A significant number of Democrats voted for the defense authorization Friday despite pressure from their leadership to oppose it over how it would fund the Pentagon.

House Minority Leader Nancy Pelosi (Calif.) and other Democratic leaders oppose the increased funding for the Pentagon’s war fund (Overseas Contingency Operations) to circumvent spending limits under the 2011 budget deal that implemented sequestration. But 41 Democrats nonetheless voted for the defense bill that usually attracts a wide bipartisan coalition.

Most of the Democrats who voted for it are vulnerable lawmakers who will be top GOP targets in the 2016 election cycle or serve on the House Armed Services Committee, which crafted the legislation.

Pelosi, though, said the defense authorization “perpetuates instability” and sets unrealistic funding for the Pentagon budget.
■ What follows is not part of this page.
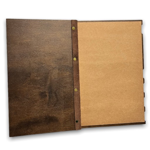 Zestaw składa się z dwóch sklejek brzoza połączonych zawiasem skórzanym nitowanym oraz wkrętami introligatorskimi umożliwiającymi łatwe rozkręcanie i wymianę zawartości menu.
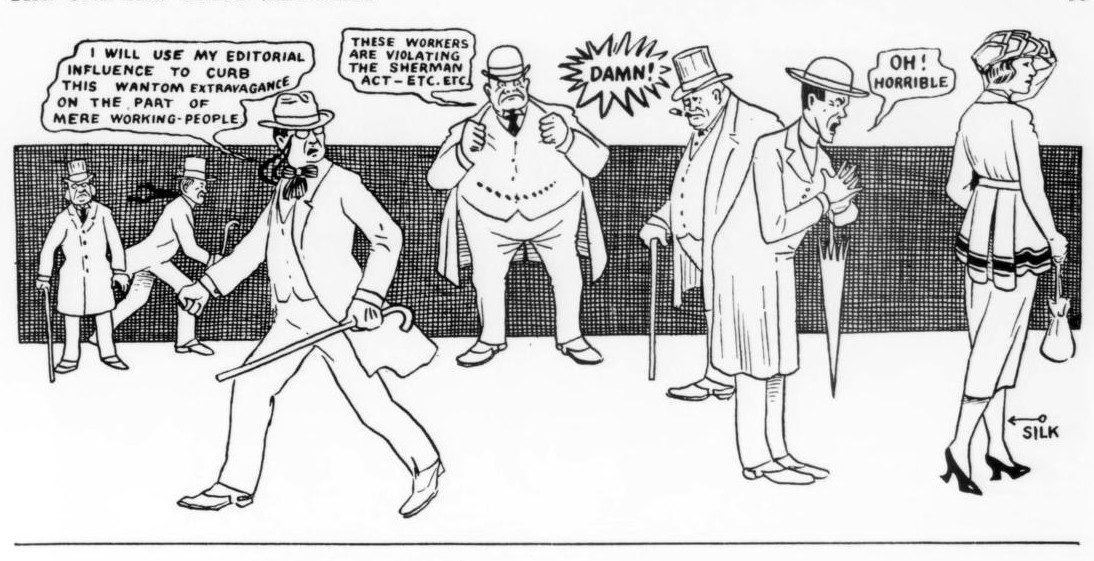 A silk shirt on a workingman unites the entire capitalist and parasitical classes against the productive workers in society as nothing else on earth can. It draws attention so patently to the difference between the new and the old conditions, and it strikes the fear of the giant home into the hearts of those who prey upon society.

She suggested the vote further demonstrated that a majority of Democrats could sustain a presidential veto of legislation adhering to the GOP budget framework.

“Democrats stand for a strong national defense, and today, our members sent a strong message in support of giving our men and women in uniform and our military overall the certainty they need, not Republican budget gimmicks,” Pelosi said in a statement.

Two of the defecting Democrats, Reps. Tammy Duckworth (Ill.) and Patrick Murphy (Fla.), are running for Senate. A vote against the defense authorization could have risked attack ads accusing them of not supporting the military, especially in a statewide race compared with a district race.

Duckworth is also an Iraq War veteran and serves on the Armed Services panel.